▶ [Work item]: Would you output all the lines below precisely as they stand, leaving each picture out?

▶ [Material provided]:
=== Begin Enclosure ===
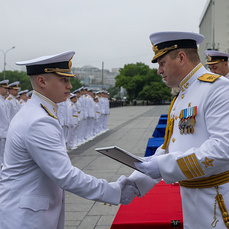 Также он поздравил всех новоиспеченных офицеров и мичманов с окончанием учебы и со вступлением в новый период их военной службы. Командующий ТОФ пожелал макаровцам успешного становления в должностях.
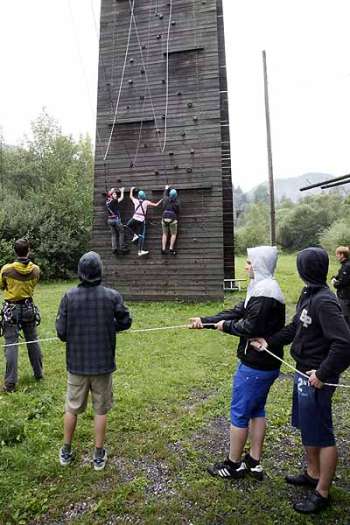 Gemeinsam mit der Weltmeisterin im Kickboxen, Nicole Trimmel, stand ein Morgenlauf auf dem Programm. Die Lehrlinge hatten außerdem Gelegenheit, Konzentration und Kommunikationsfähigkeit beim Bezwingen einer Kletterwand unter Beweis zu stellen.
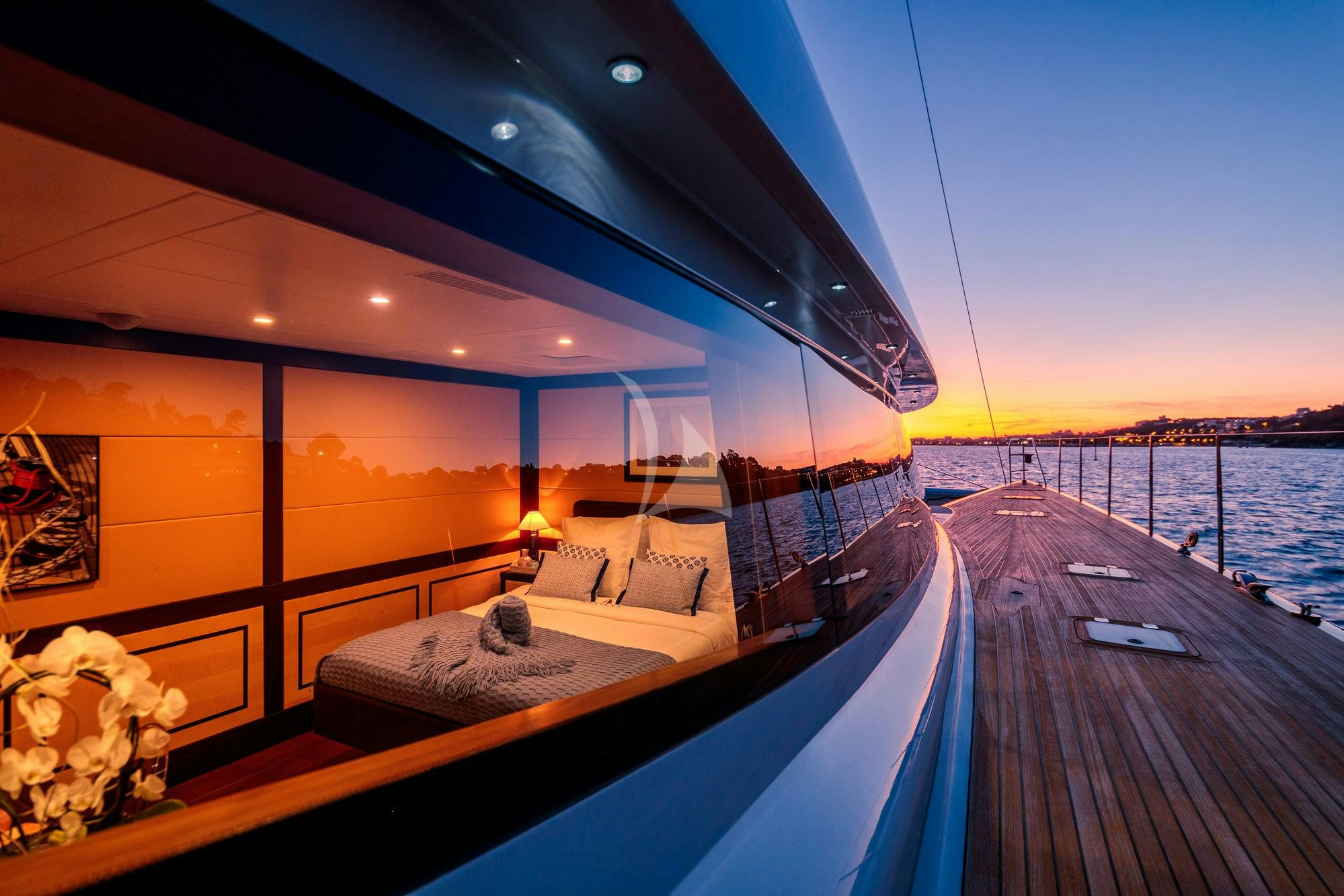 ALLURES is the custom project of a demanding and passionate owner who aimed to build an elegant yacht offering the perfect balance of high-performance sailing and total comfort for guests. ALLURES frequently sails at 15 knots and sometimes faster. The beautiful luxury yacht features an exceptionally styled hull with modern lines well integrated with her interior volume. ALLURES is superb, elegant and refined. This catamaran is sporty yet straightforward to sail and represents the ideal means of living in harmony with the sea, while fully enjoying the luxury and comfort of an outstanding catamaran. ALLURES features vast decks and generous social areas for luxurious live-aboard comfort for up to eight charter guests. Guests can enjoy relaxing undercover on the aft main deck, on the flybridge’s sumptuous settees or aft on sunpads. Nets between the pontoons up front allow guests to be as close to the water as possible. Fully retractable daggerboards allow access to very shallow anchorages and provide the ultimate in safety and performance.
=== End Enclosure ===
▶ [Answer for this exercise]:
 Также он поздравил всех новоиспеченных офицеров и мичманов с окончанием учебы и со вступлением в новый период их военной службы. Командующий ТОФ пожелал макаровцам успешного становления в должностях.
 Gemeinsam mit der Weltmeisterin im Kickboxen, Nicole Trimmel, stand ein Morgenlauf auf dem Programm. Die Lehrlinge hatten außerdem Gelegenheit, Konzentration und Kommunikationsfähigkeit beim Bezwingen einer Kletterwand unter Beweis zu stellen.
 ALLURES is the custom project of a demanding and passionate owner who aimed to build an elegant yacht offering the perfect balance of high-performance sailing and total comfort for guests. ALLURES frequently sails at 15 knots and sometimes faster. The beautiful luxury yacht features an exceptionally styled hull with modern lines well integrated with her interior volume. ALLURES is superb, elegant and refined. This catamaran is sporty yet straightforward to sail and represents the ideal means of living in harmony with the sea, while fully enjoying the luxury and comfort of an outstanding catamaran. ALLURES features vast decks and generous social areas for luxurious live-aboard comfort for up to eight charter guests. Guests can enjoy relaxing undercover on the aft main deck, on the flybridge’s sumptuous settees or aft on sunpads. Nets between the pontoons up front allow guests to be as close to the water as possible. Fully retractable daggerboards allow access to very shallow anchorages and provide the ultimate in safety and performance.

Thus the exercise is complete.